Йонас Гиринис ни сожалел, ни радовался. На строящуюся фабрику старик смотрел, как смотрели его предки на крепость, которую противник обычно сооружал на захваченных владениях; чеши языком сколько влезет, на заложенном фундаменте все равно непробиваемые крепостные стены вырастут, ежели кто-нибудь их не разрушит. Но, даже не веря слухам, старый Гиринис питал смутную надежду, что в них, в этих слухах и пересудах, кроется беззащитное зернышко правды.
Поэтому-то на другой день, как только установилась погода, собрался он в Гедвайняй, чтобы все самолично проверить. Четыре километра ходьбы были для его норовистых ног еще совсем недавно сущим пустяком — он столько за всю свою жизнь пешком проходил, что всю землю, пожалуй, раза два обогнул, но сейчас ноги не слушались. И уж совсем они подкосились, когда внезапно грохнул взрыв и над стройкой повисло черное облако пыли. Потом снова грохнуло. И снова!.. И еще раз!.. Всего, наверно, с полдюжины… Старый Гиринис только разевал рот, как рыба, выброшенная на берег, смирнехонько сидел в канаве и ждал, когда кончится эта бомбардировка, и в его встревоженном, гулко бьющемся сердце снова затеплилась погасшая было надежда: а вдруг на самом деле заморозят? Вот этими самыми взрывами сметут то, что уже сделано, и вздохнет земля… Но когда старый вылез из канавы, насытившись утешением, самому стало смешно от своих мыслей: за высоким фабричным забором чернел лес кранов и экскаваторов, и был этот лес гуще, чем две недели тому назад, и шум над ним стоял такой же, если не больший, и людей как будто прибавилось. В широко распахнутые ворота вползали самосвалы, груженные землей, а со стройки возвращались порожняком, изредка преграждая путь могучим «МАЗам», таскавшим прицепы со стройматериалами.
Йонас Гиринис долго стоял, впившись жадным взглядом в стройку и отыскивая в каждой мелочи то, что могло подтвердить глупую надежду, побудившую его отправиться из деревни сюда, в Гедвайняй. Напрасно! Фундамент крепости рос неудержимо, вскоре на нем воздвигнут и все строение, и в его бастионах, чуждых и непонятных старому Гиринису, обоснуется, расположится, укрепится весь гарнизон, готовый к новым завоеваниям…

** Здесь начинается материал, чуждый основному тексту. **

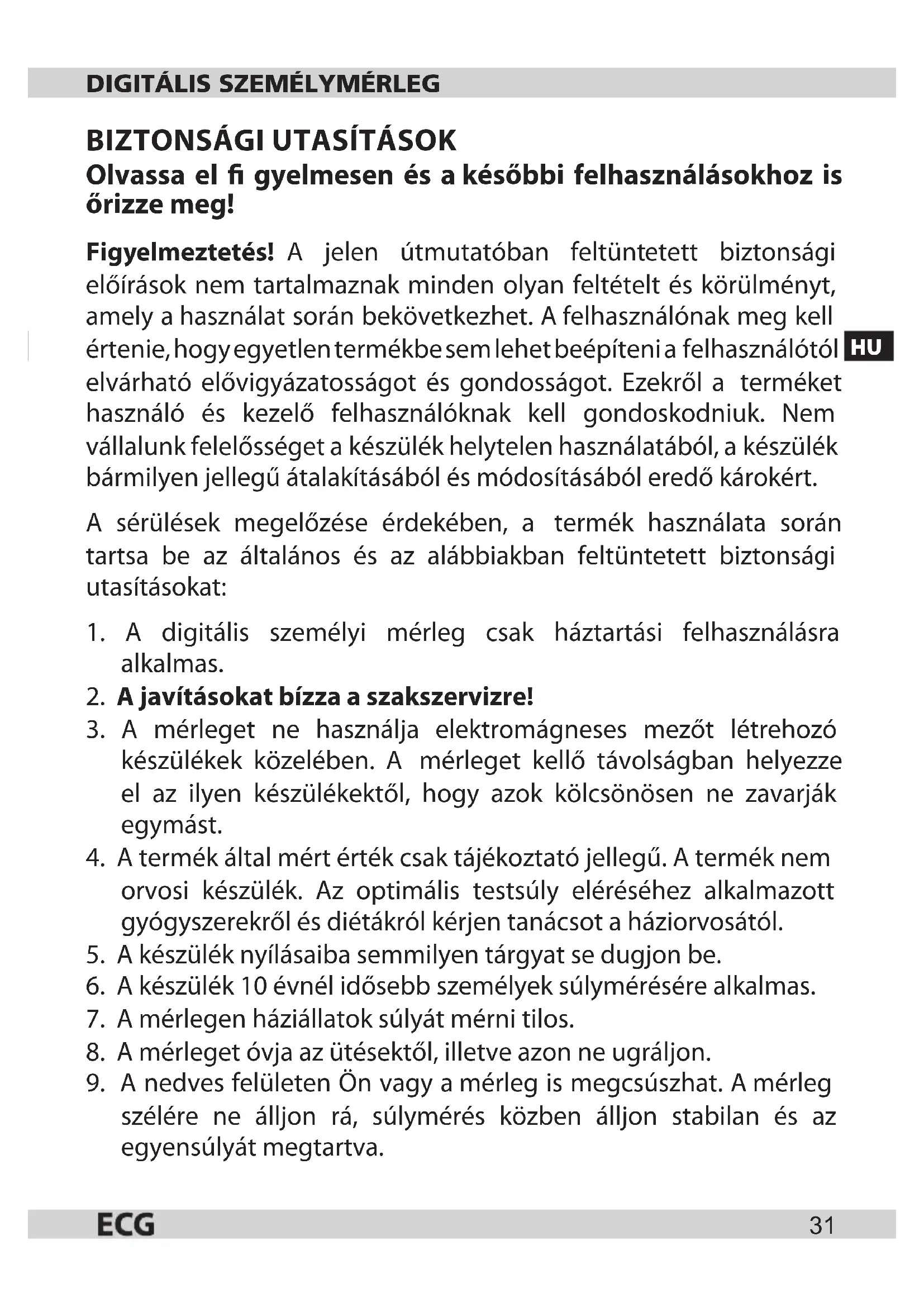 Maximális terhelhetőség: 180 kg Méréslépték: 100 g/ 0,1% Tápellátás: 2 × 1,5 VAAA ceruzaelem (nem tartozék) HULLADÉKFELHASZNÁLÁS ÉS MEGSEMMISÍTÉS A csomagolópapírt és hullámpapírt adja le hulladékgyűjtő telepen. Csomagolófólia, PE zacskók, műanyag alkatrészek – műanyaggyűjtő szelektív hulladéktároló edénybe. ÉLETTARTAM LEJÁRTÁT KÖVETŐ MEGSEMMISÍTÉS Használt elektromos és elektronikus készülékek megsemmisítése (érvényes az EU tagállamokban és számos szelektív hulladékgyűjtést végző európai országban) Ez a terméken vagy csomagolásán található jelzés azt mutatja, hogy a terméket tilos standard háztartási hulladékként megsemmisíteni. A terméket elektromos és elektronikus berendezések újrahasznosítására szakosodott hulladékgyűjtő telepen adja le. A termék helyes megsemmisítésével megelőzi, hogy káros hatást fejtsen ki az emberi egészségre és környezetünkre. Az anyagok újrahasznosítása kíméli a természetes forrásainkat. A termék újrahasznosításával kapcsolatosan bővebb információkat a helyi önkormányzattól, aháztartási hulladékot feldolgozó szervezettől, vagy a termék forgalmazójától kérhet. Ez a termék megfelel a kisfeszültségű berendezések biztonságára és az elektromágneses kompatibilitásra vonatkozó EU irányelveknek. A készülék használati útmutatója a www.ecg.cz oldalon található. A szöveg és a műszaki paraméterek megváltoztatásának a joga fenntartva. 08/05DE DIGITALE PERSONENWAAGE

Смутно догадываясь о том, что он всего-навсего мелкая щепка в бушующем океане времени, Йонас Гиринис потопал домой еще более подавленный, чем прежде… Подумаешь — горе, утешал он себя, ежели им позарез нужно, пусть себе строят, мне-то что? Все равно долго не протяну, на мой век хватит еще и воздуху, и воды, и добрых людей, и лесной зелени… Нет, нет, не задохнусь, пока жив. А мертвому все одно, цветут ли на могиле цветочки или выжгли землю так, что не найти на ней, на сто верст вокруг, ни одной травинки…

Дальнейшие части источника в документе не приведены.